(Beginning of INFORMATION)

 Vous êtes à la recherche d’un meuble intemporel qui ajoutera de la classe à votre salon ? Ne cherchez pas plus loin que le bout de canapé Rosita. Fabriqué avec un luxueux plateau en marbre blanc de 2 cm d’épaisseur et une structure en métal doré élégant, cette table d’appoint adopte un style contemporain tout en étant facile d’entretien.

(End of INFORMATION)
(Beginning of INFORMATION)

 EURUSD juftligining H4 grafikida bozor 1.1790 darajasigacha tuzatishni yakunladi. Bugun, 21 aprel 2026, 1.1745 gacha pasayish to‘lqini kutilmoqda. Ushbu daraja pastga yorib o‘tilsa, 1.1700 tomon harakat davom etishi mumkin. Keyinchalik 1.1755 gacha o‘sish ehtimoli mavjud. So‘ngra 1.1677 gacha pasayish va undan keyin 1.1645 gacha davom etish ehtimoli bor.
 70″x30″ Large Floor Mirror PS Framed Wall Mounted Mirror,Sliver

(End of INFORMATION)
(Beginning of INFORMATION)

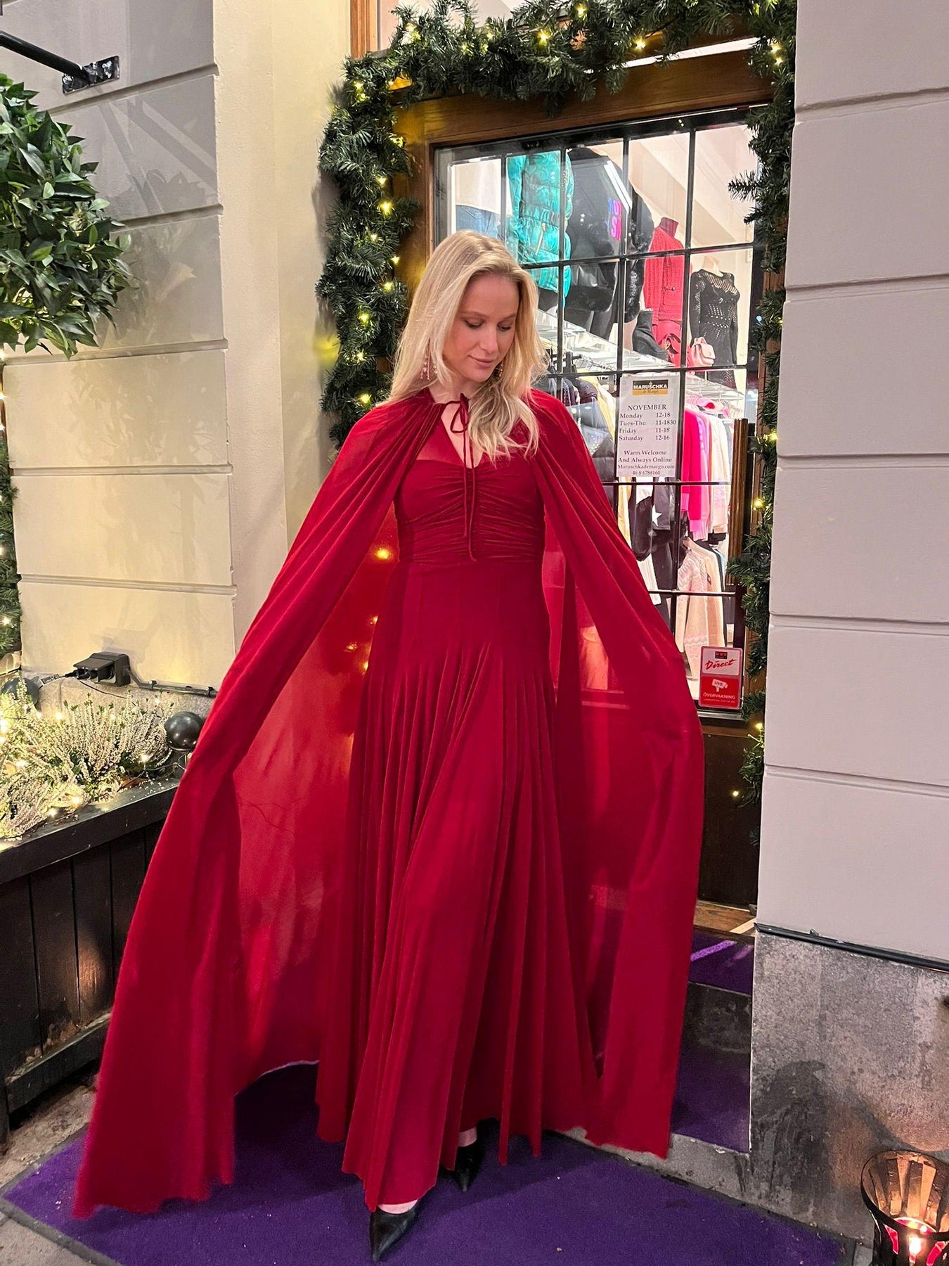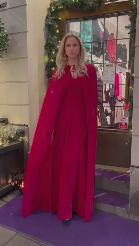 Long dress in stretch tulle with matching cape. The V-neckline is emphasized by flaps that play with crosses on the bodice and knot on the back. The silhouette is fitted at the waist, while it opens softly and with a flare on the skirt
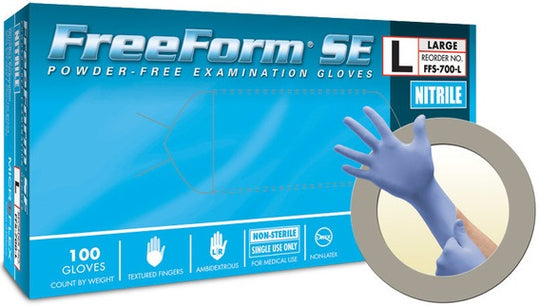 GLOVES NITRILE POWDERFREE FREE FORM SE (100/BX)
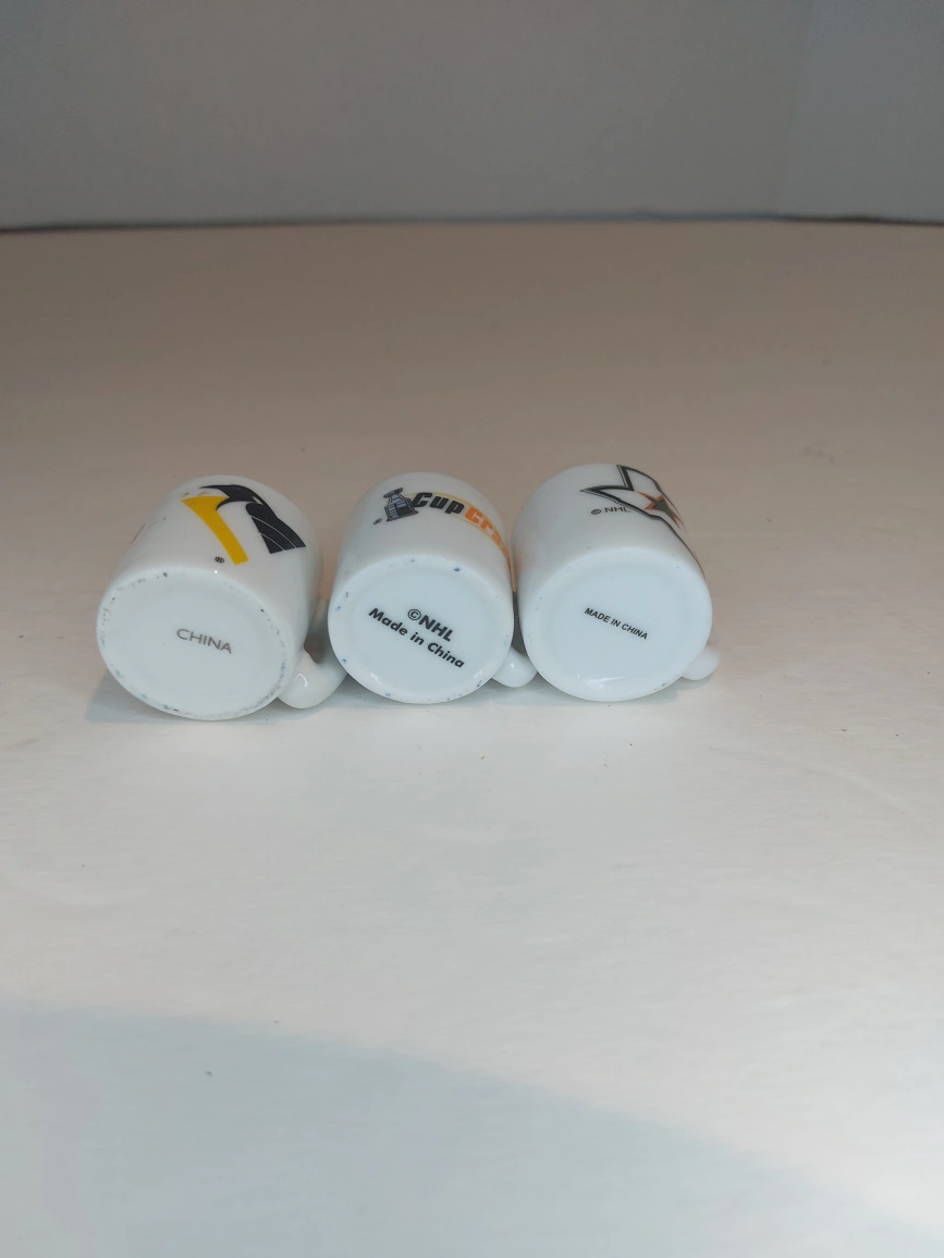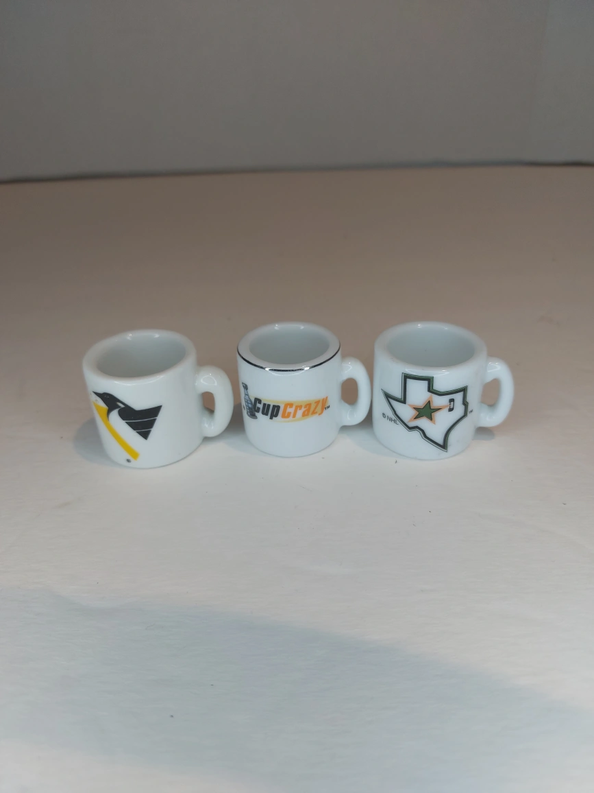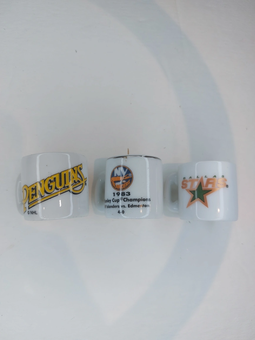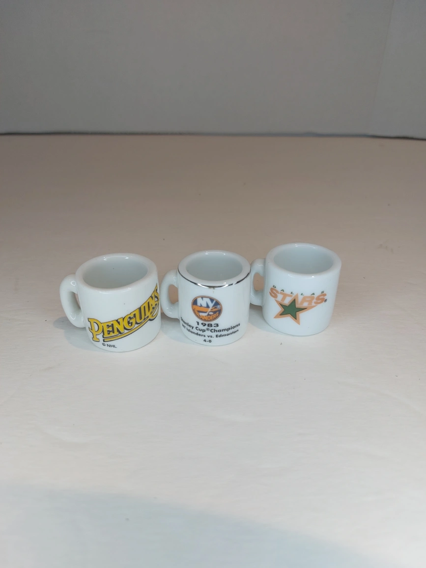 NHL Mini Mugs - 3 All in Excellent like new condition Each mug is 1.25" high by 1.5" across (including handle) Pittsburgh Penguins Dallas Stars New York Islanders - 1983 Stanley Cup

(End of INFORMATION)

TASK ITEM
Leaving all pictures out, output exactly the lines of the material above from the line with "Long dress in" to the line with "NHL Mini Mugs", both included.

RESPONSE
 Long dress in stretch tulle with matching cape. The V-neckline is emphasized by flaps that play with crosses on the bodice and knot on the back. The silhouette is fitted at the waist, while it opens softly and with a flare on the skirt
 GLOVES NITRILE POWDERFREE FREE FORM SE (100/BX)
 NHL Mini Mugs - 3 All in Excellent like new condition Each mug is 1.25" high by 1.5" across (including handle) Pittsburgh Penguins Dallas Stars New York Islanders - 1983 Stanley Cup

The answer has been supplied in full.